While simply displaying the confusion matrix is already quite informative of model performance, sometimes we want to test on specific metrics. Many of the common metrics used to evaluate the performance of classifier models can actually be computed from the confusion matrix directly. Here are some examples:

* **Accuracy**: Probably the best known classification metric, it evaluates the percentage of samples that were classified into the correct class.

$$Accuracy = \frac{TP+TN}{TP+FP+TN+FN}$$

* **Precision**: A high precision indicates there were not many false alarms of a specific (in binary, the positive) class.

$$Precision = \frac{TP}{TP+FP}$$

* **Recall**: A high recall indicates that there were not many missed cases of a specific (in binary, the positive) class. 

$$Recall = \frac{TP}{TP+FN}$$

First, try to compute those metrics with pen and paper from the confusion matrix that we just saw. When you are done, you can compare your results with those obtained by using the corresponding Scikit-learn functions.

In [None]:
# Compute the accuracy of the logistic regression model
accuracy = sklearn.metrics.accuracy_score(y_test_binary, y_pred_binary)
print(f"The accuracy of the logistic regression model is: {accuracy}")

# Compute the precision of the logistic regression model
precision = sklearn.metrics.precision_score(y_test_binary, y_pred_binary)
print(f"The precision of the logistic regression model is: {precision}")

# Compute the recall of the logistic regression model
recall = sklearn.metrics.recall_score(y_test_binary, y_pred_binary)
print(f"The recall of the logistic regression model is: {recall}")

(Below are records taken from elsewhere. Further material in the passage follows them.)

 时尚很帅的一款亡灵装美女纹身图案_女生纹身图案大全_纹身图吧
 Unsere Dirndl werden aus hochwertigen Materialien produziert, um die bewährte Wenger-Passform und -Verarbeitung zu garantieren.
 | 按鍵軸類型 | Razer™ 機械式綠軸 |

### A more balanced metric

While accuracy is the most straightforward way to determine the performance of a classification model, it might not always be the most suitable. This is especially true when the data that is being predicted is imbalanced, that is, when we have many more instances of one class than the rest. Then, it is common that the classifier learns to predict in favour of the majority class, performing really poorly in the rest. For those cases, there is a better metric that we can use that combines both precision and recall to obtain a more balanced metric for performance, the *F1-score*.

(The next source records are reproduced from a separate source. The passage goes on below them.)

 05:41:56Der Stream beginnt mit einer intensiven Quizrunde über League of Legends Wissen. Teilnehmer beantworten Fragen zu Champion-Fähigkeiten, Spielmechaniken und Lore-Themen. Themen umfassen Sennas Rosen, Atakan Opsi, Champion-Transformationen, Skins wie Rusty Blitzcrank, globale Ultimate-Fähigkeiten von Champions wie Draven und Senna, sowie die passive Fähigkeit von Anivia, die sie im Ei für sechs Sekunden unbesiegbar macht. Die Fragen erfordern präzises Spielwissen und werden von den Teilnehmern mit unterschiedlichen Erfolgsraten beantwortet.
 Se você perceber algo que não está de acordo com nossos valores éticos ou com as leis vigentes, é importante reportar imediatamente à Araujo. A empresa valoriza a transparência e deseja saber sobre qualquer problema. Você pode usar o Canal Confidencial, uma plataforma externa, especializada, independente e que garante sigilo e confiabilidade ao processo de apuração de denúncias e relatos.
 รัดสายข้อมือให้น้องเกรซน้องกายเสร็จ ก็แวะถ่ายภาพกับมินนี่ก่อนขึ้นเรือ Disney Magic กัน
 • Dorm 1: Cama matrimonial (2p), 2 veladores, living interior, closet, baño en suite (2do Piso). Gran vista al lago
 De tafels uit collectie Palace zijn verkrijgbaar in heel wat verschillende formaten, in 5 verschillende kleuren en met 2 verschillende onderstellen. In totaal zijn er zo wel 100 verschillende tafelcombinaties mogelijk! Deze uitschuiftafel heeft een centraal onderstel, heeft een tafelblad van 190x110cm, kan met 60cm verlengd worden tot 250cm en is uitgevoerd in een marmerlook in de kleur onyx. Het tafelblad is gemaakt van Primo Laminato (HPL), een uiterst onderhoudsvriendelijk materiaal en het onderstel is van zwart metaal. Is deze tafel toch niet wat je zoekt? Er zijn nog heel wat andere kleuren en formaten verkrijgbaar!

$$F1\ score = 2 \cdot \frac{Precision \cdot Recall}{Precision + Recall}$$

Let's compute both accuracy and F1-score for our current data, then introduce a class imbalance artificially and compare them again. Which of the two do you feel better relates to model performance, from what you can see in the confusion matrix?

In [None]:
# Calculate the F1 score of the logistic regression model
f1_score = sklearn.metrics.f1_score(y_test_binary, y_pred_binary)

# Print both accuracy and F1 score
print(f"Accuracy: {accuracy} - F1 score: {f1_score}")

In [None]:
# Re-assign classes to artificially unbalance the dataset

# Train a new logistic regression model with the unbalanced dataset

# Make predictions with the logistic regression model for the test set

# Create the confusion matrix with the logistic regression model predictions

In [None]:
# Compute the accuracy and F1 score of the logistic regression model

## 5.4 Multi-class tasks

### Predicting multiple classes

While binary problems are relatively common, many times we would like to predict multiple classes. This is the case, for example, if we want to determine the sand grain size category from our soil data. In this case we also want to use a more powerful algorithm, so we will compare the results of artificial neural networks (ANN) with those of a random forest (RF). Let's start by using *one-hot encoding* to convert our classes to numerical vectors and then train our models. The random forest model can work fine with classes, so we do not need to encode our outputs for it.

In [None]:
# Use one-hot encoding on the sand size data and print the results

 

In [None]:
# Train the ANN and RF models



Now that the models are trained, we can show the predictions on a map.

In [None]:
# Plot a map of the test data classes


# Plot a map of the predicted classes for both ANN and RF


### Generalizing the metrics

To evaluate the models we can use the same tools that we did for the binary problem with some slight differences. Let's see how the confusion matrix looks for this task. 

In [None]:
# Show the confusion matrix


As we keep adding classes the confusion matrix gets more and more cluttered, increasing the usefulness of using metrics. All the metrix that we have seen previously can be generalized to multi-class problems, with some slight differences. For the accuracy, for example, we will simply need to sum all elements in the diagonal and divide by the total data sample size.

In [None]:
# Compute the accuracy for each of the models


Recall and precision are now defined for each class. In our example, we might be especially concerned about correctly classifying extremely fine-grained sands, since those can easily infiltrate in machinery that might be installed on these sites reducing their useful lifespan greatly. Which of the two variables should we then compare?

In [None]:
# Compute the recall of both models for the extremely fine grain size


## 4.4 Final remarks

In this workshop you have learnt the basics of how to tackle a classification task, from the output definition to training and of course evaluating your model. To cement this knowledge, try and use the same data but choose another variable as your target, for example the color. You can re-use some of the code above. Good luck!

In [None]:
# Define the predictor and target variables

# Split between train and test sets

# Train the classification model of your choice

# Evaluate the model performance on the test set